Let me give you a quick example to showcase what I mean; You announce to your friends that you’re expecting twins. Do a quick mental calculation of how many of them are going to be genuinely happy for you and your partner, take you in their arms saying that you’re the luckiest couple on earth? Rather than saying OMG what are you going to do guys? I’m so pleased it’s not me. Etc… Now, you should get an idea of what I mean by ‘fear dropping’. You haven’t even finished your sentence that your colleague, friend or family member is already thinking of the way they would feel if it was happening to them rather than just listen and assess what you need from your friend/colleague at that moment in time.

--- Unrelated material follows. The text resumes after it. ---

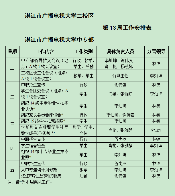 - 主校区(湛江市财政职业技术学校)2013-2014年度第二学期课程表1 2014.3.5(计算机考证结束前执行,约至3月底止)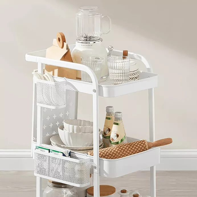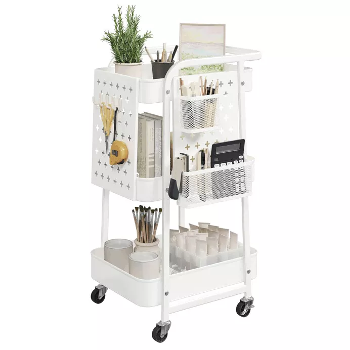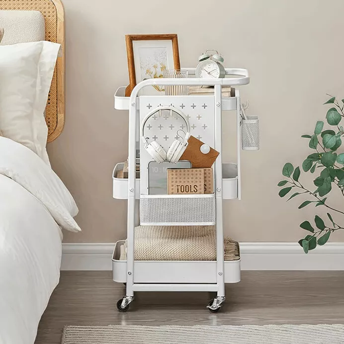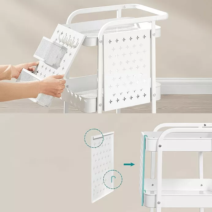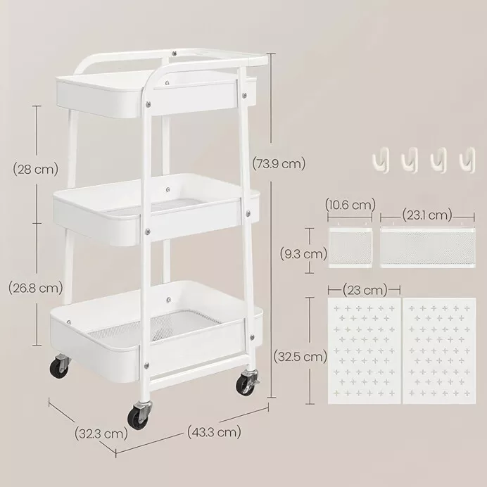 Vozík disponuje třemi prostornými policemi a perforovanými bočními panely, které umožňují doplnění košíků či háčků a přehlednou organizaci drobností. Čtyři otočná kolečka, z toho dvě s brzdou, zajišťují snadnou manipulaci i bezpečné zajištění na místě. Díky kompaktním rozměrům se hodí i do menších prostor.

Be aware; this article is not about ‘listening’; I’ll write an article specifically on the topic soon, as even if they are somehow linked, what I’m highlighting here is the fact that suddenly you have to deal with feelings or fears that you didn’t have a minute ago. Just because the person who crossed your way had difficulties coping with their insecurity, they had to drop it on you.
That right, your colleague or friend will have an opinion or feeling about the topic, if it is a negative one, the likelihood is that you’ll have to work through their negative thoughts with them before continuing the conversation. Unfortunately, challenging times or situations are where you’ll notice most often ‘fear dropping’. The reason is that they are happy to deal with the pleasant thoughts and feelings. Don’t give me wrong; I’m more than happy (and not only because it’s my job) to support people going through challenging times. However, I want (and so should you) it to be my choice.

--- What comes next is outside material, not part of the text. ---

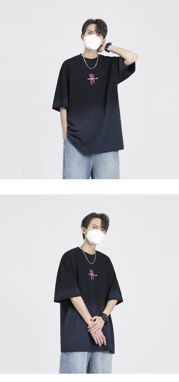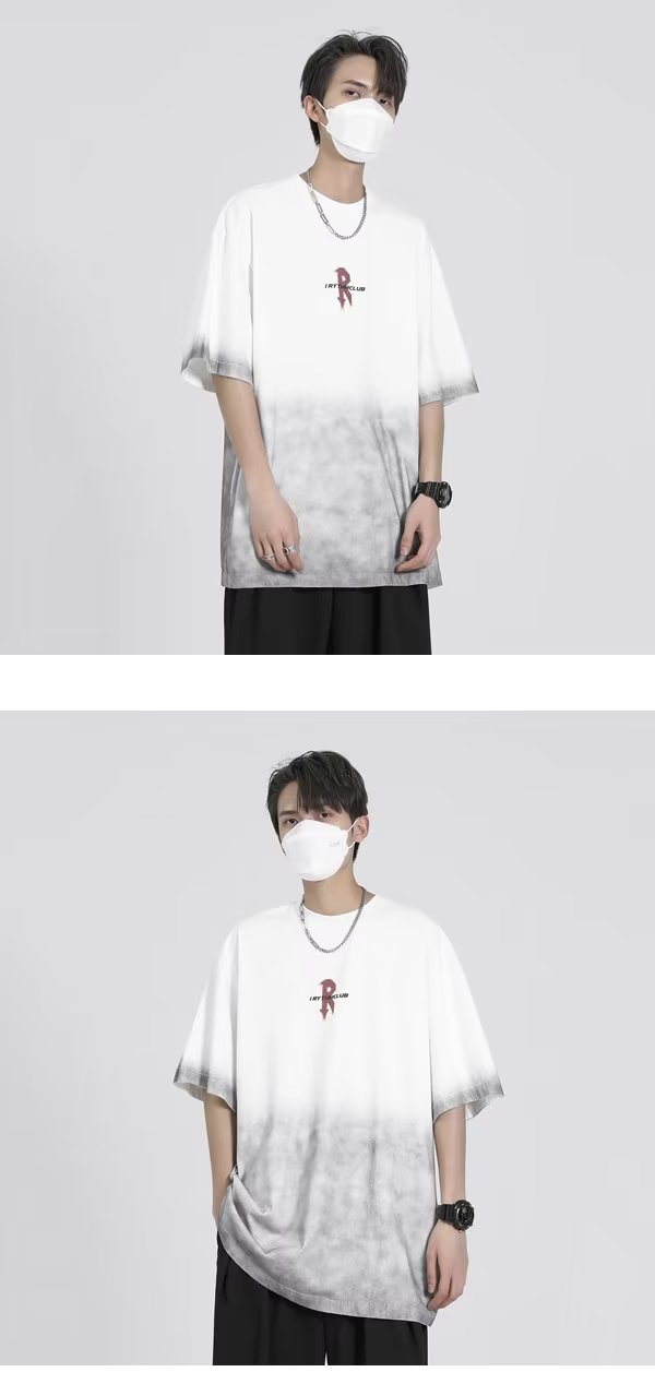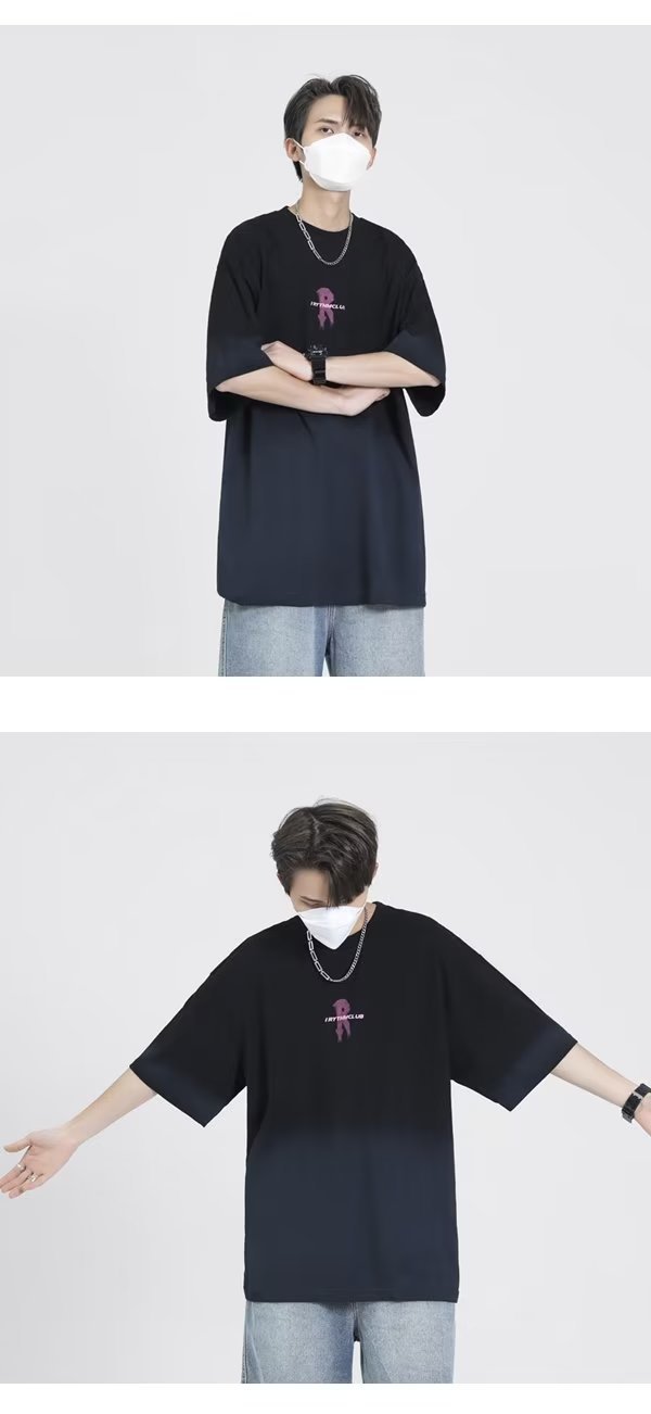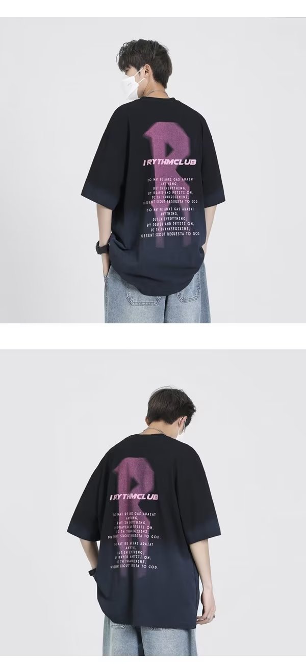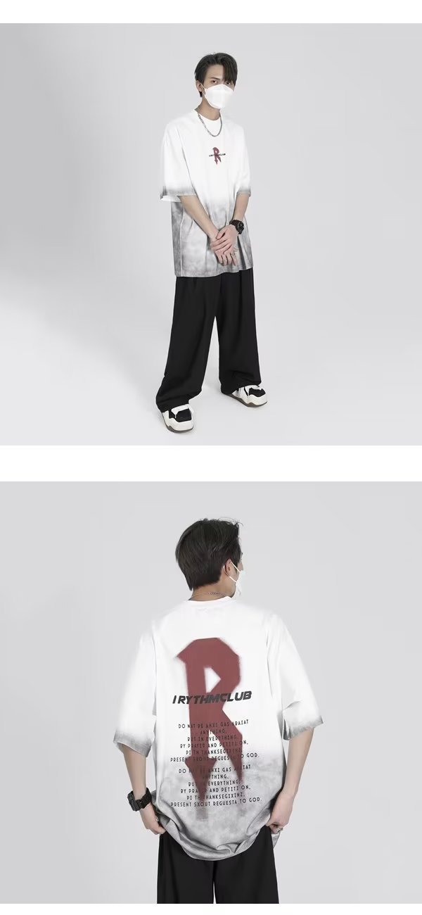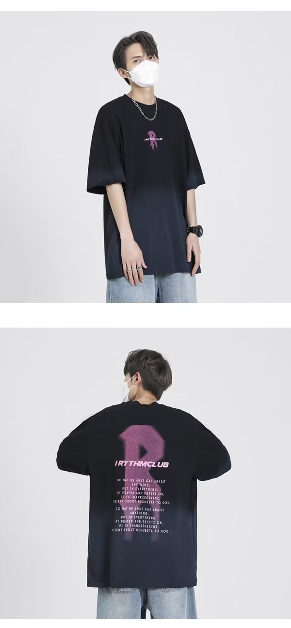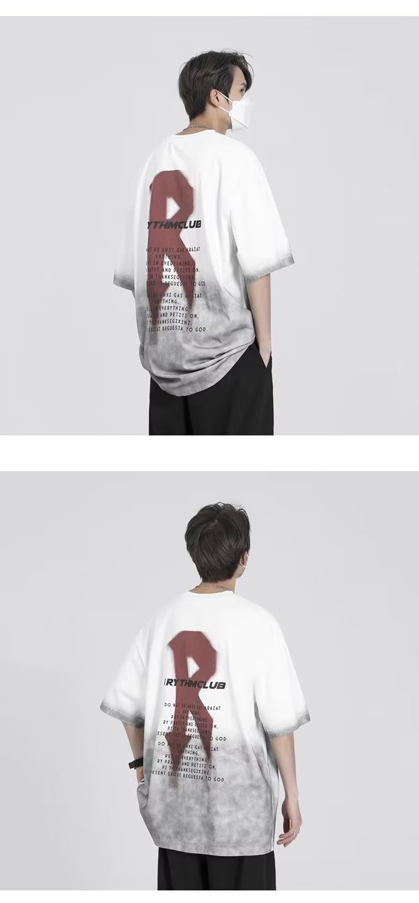 R 英語プリント グラデーション カジュアル 半袖シャツ

In conclusion, there are two folds to this article. The first one is, if someone does ‘fear drop’ on you, don’t take it personally as it had nothing to do with you in the first place even if you started the conversation. Your interlocutor has issues to work on, and that’s okay but make sure you choose to deal with them or not. It must always be your choice no matter what Also, bear in mind that the person ‘fear dropping’ on you is often someone you don’t know… Like the stranger making an effort to come to tell you that your kids are misbehaving in a public space. It is hard at the beginning to not take it personally, but like everything with practice, it becomes easier.

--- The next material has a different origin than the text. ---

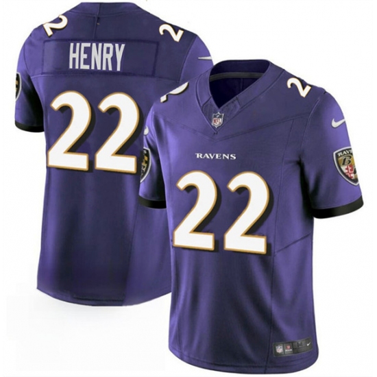Men's Baltimore Ravens #22 Derrick Henry Purple 2023 F.U.S.E. Vapor Limited Football Stitched Jersey

The second fold of this article is that as always, start by watching yourself to stop ‘fear dropping’ on people even if you find it liberating for a moment; you’re generating negative energy which will come back to you, as well as making you sound selfish and very likely rude. So pay attention to your attitude towards your social circles or strangers and try to make it experimentation by trying to retrace where this need to express your fear came from, learn from these instances.
Finally, I’d like to complete this article by saying that most people don’t ‘fear drop’ on purpose. It is their ego talking to them therefore likely to be unconscious, and for most of us, it just became a reflex.